_The problem:_ When you reach the line below that has "9月22日,永泰生物-B早盘再度活跃,升超8%,公司股价昨日逆势涨超17%。", start returning lines exactly, and stop after the line that has "Toprak Mahsulleri Ofisi"; skip the pictures.

_Dataset content:_
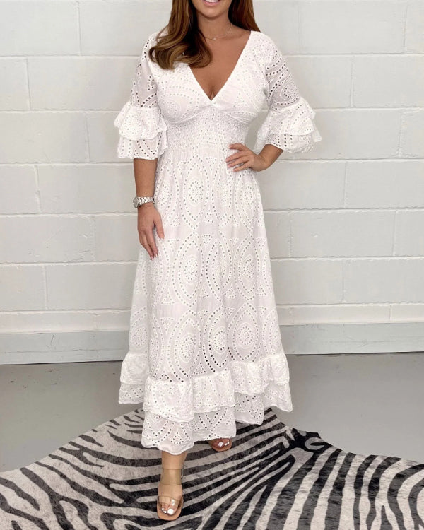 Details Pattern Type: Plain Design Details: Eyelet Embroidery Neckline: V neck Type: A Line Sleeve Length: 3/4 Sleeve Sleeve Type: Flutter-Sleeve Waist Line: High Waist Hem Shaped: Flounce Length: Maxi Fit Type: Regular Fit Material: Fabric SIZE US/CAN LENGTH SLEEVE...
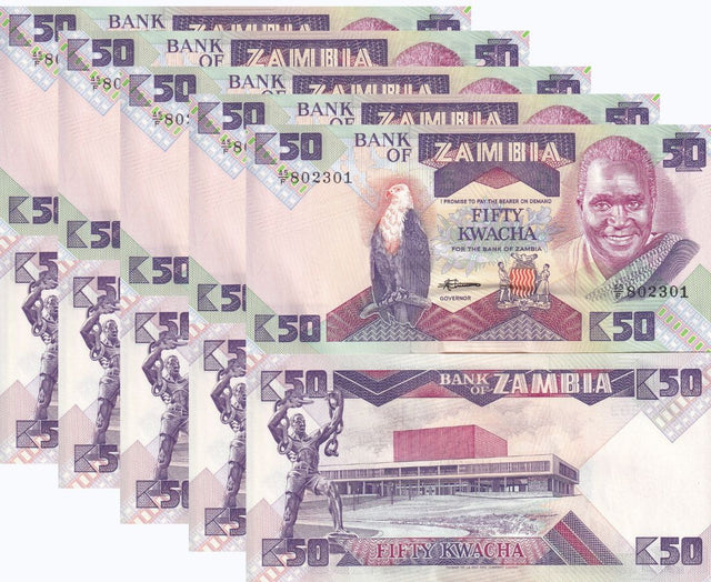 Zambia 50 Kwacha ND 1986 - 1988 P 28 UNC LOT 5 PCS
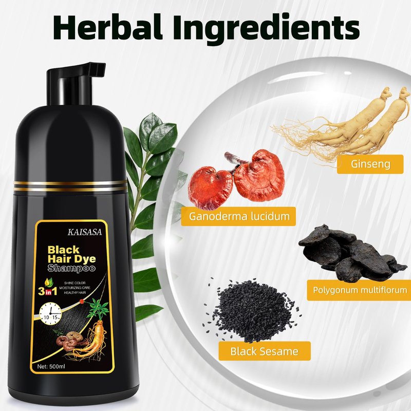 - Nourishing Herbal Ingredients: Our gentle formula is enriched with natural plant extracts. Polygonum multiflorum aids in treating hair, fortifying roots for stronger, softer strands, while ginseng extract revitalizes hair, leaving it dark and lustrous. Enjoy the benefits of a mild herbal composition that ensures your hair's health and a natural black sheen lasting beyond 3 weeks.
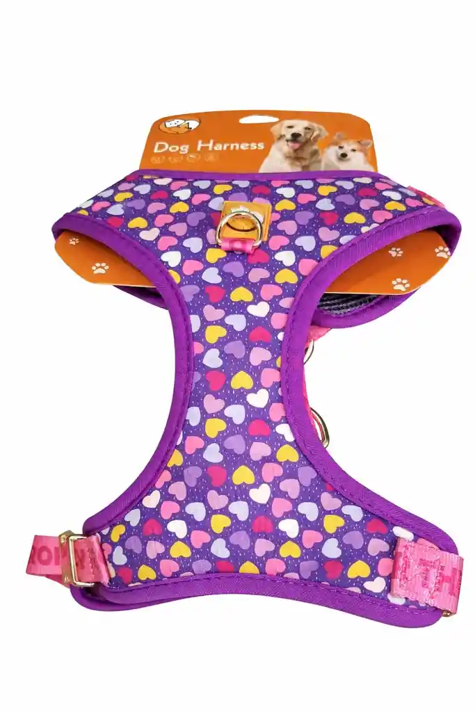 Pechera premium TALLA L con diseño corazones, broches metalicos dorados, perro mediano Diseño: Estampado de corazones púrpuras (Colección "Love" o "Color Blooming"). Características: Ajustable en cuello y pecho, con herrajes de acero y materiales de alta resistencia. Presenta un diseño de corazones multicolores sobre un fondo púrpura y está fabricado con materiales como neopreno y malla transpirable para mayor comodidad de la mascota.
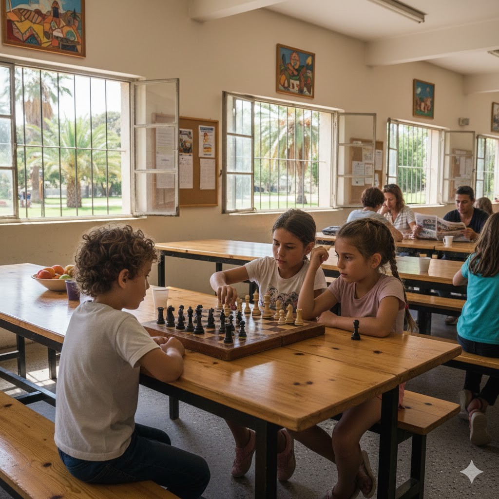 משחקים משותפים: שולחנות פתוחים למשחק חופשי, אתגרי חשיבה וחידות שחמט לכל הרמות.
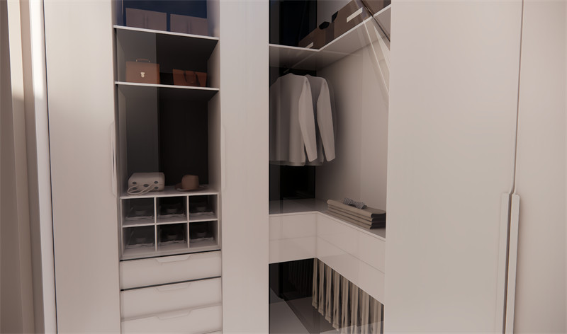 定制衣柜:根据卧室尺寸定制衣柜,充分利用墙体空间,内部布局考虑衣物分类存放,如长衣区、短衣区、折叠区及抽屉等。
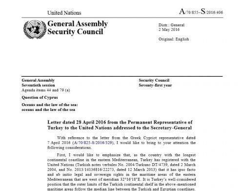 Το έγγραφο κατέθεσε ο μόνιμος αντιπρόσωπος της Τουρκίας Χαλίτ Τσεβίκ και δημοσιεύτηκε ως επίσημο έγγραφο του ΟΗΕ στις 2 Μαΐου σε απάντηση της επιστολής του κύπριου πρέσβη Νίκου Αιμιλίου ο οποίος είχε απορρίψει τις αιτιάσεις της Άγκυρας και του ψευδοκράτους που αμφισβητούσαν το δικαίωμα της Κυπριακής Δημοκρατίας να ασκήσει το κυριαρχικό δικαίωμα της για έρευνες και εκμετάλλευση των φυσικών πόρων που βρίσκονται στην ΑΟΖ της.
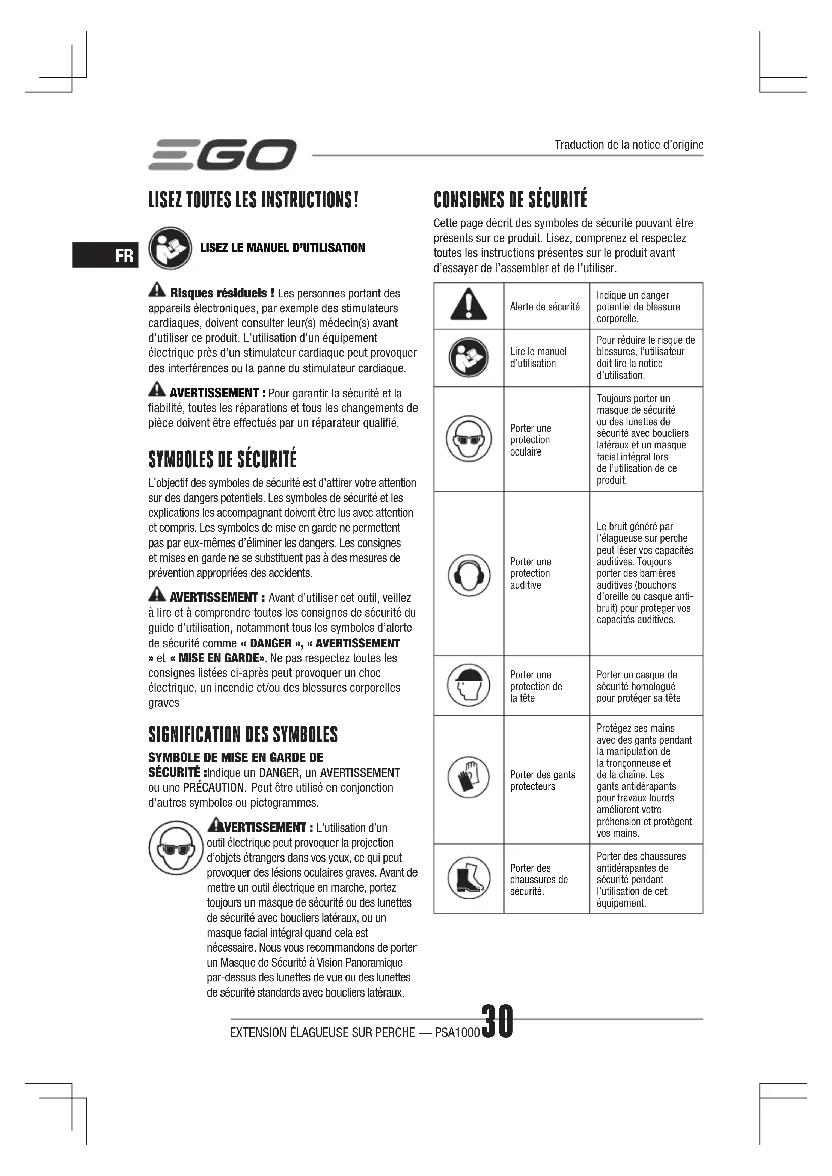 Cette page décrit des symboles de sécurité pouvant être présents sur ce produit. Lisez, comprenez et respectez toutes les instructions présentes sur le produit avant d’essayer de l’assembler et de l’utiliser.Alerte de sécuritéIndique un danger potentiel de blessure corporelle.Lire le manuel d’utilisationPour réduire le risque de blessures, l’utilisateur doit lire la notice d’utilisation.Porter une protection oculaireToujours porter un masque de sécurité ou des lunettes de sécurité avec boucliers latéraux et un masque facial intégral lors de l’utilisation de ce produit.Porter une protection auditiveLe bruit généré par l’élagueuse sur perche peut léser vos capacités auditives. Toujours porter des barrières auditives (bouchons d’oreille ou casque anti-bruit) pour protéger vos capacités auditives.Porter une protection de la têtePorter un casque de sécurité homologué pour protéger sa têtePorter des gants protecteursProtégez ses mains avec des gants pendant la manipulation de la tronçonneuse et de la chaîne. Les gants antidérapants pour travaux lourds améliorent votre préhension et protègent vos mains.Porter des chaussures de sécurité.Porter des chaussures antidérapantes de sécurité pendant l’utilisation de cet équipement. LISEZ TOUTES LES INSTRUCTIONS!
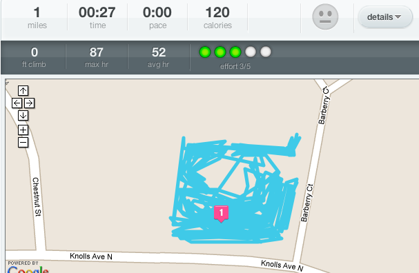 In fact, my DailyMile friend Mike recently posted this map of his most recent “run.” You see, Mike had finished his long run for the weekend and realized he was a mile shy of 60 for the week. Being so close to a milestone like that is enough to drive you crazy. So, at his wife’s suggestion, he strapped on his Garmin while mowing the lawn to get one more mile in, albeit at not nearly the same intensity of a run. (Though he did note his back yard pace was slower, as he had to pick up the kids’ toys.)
...
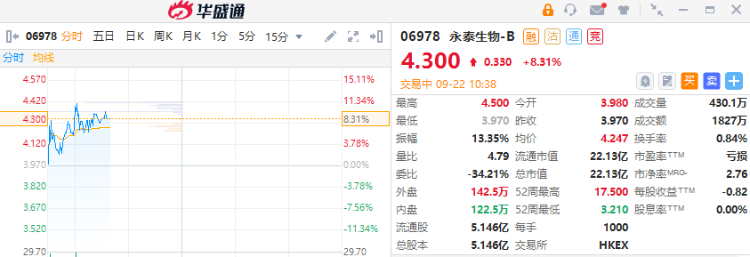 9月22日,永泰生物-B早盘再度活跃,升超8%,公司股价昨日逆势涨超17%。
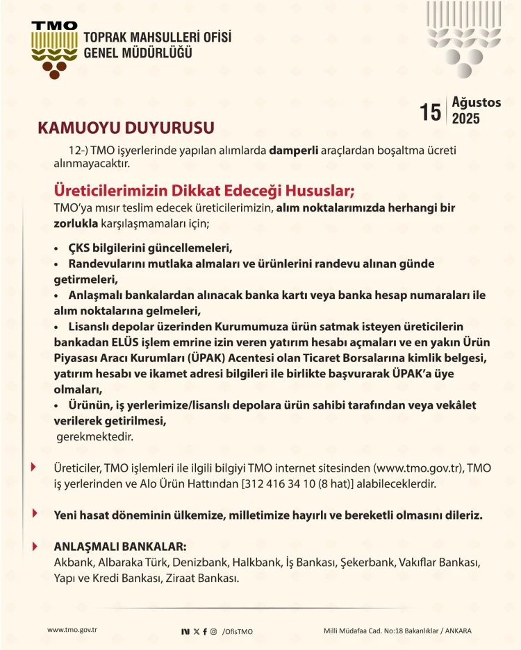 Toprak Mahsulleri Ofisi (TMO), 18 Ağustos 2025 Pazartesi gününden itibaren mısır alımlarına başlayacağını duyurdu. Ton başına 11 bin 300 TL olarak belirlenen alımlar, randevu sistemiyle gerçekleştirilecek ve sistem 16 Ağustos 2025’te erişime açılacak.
---
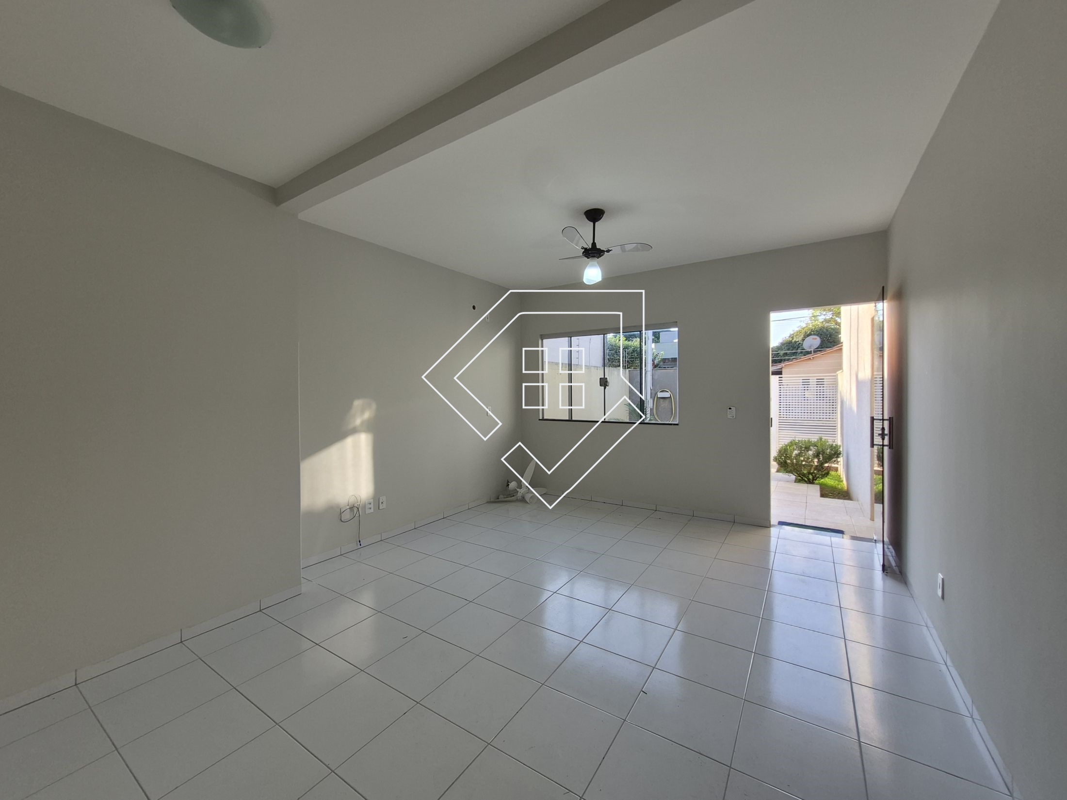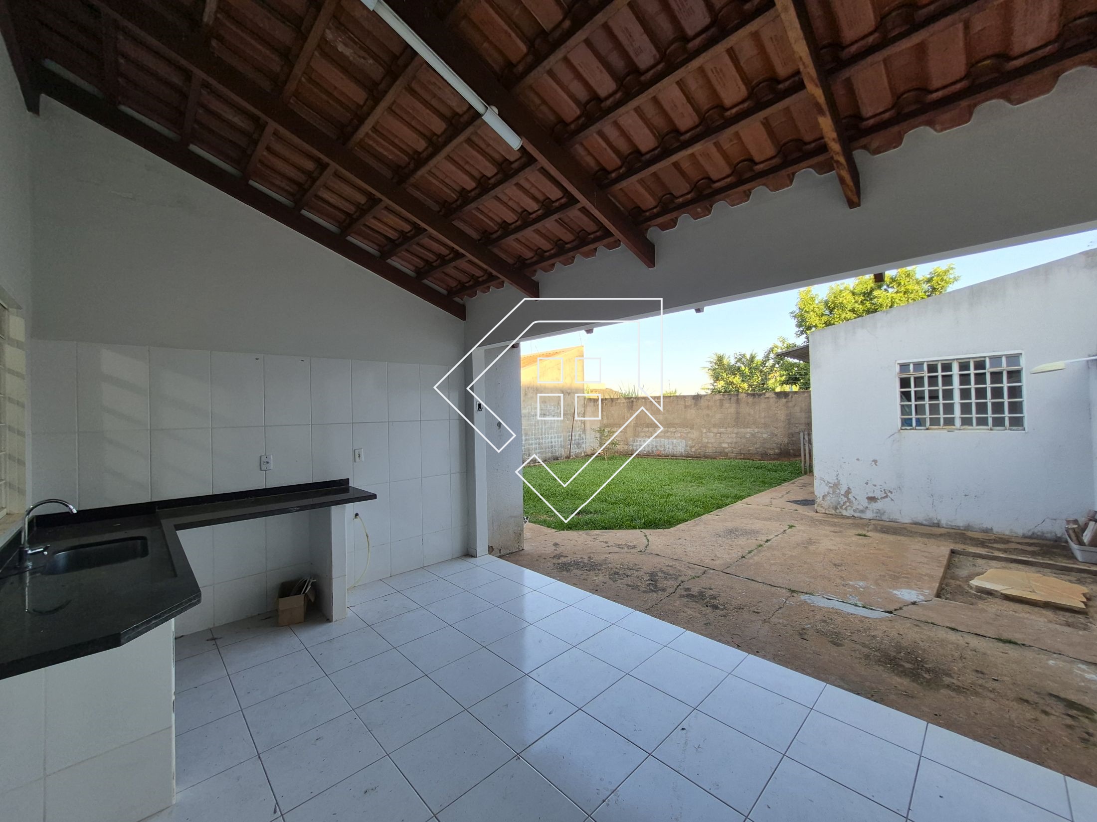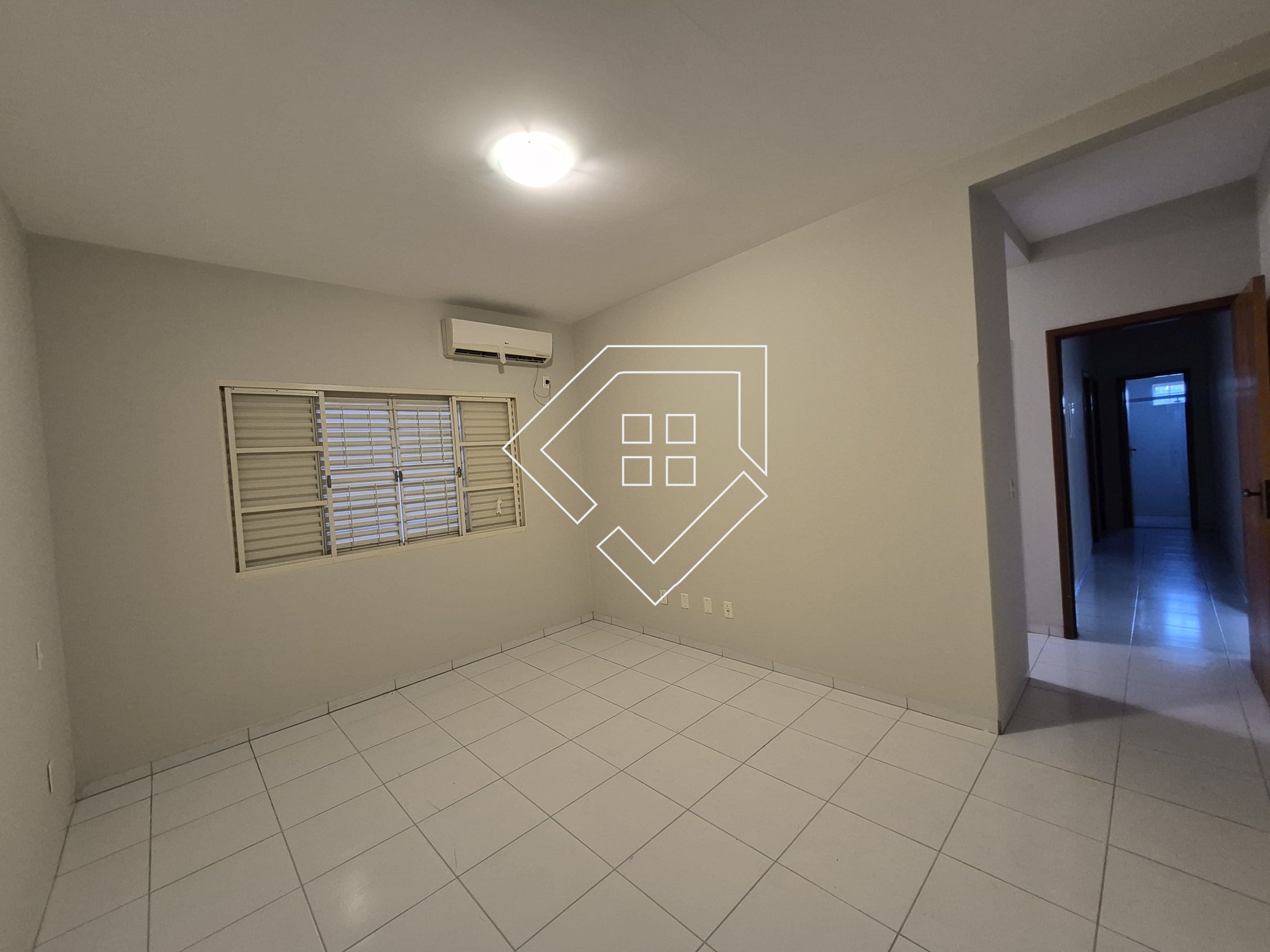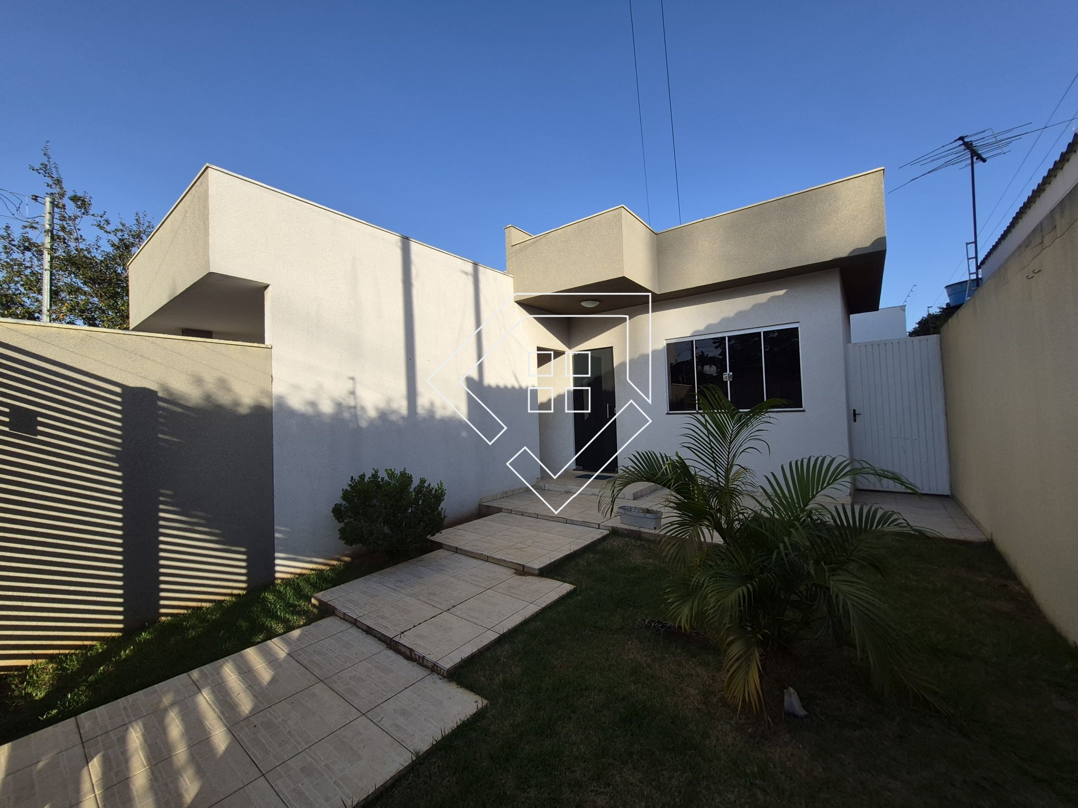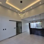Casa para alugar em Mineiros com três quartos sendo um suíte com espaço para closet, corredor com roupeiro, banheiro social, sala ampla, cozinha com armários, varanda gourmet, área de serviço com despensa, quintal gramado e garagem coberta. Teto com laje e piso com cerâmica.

_Written answer:_
 9月22日,永泰生物-B早盘再度活跃,升超8%,公司股价昨日逆势涨超17%。
 Toprak Mahsulleri Ofisi (TMO), 18 Ağustos 2025 Pazartesi gününden itibaren mısır alımlarına başlayacağını duyurdu. Ton başına 11 bin 300 TL olarak belirlenen alımlar, randevu sistemiyle gerçekleştirilecek ve sistem 16 Ağustos 2025’te erişime açılacak.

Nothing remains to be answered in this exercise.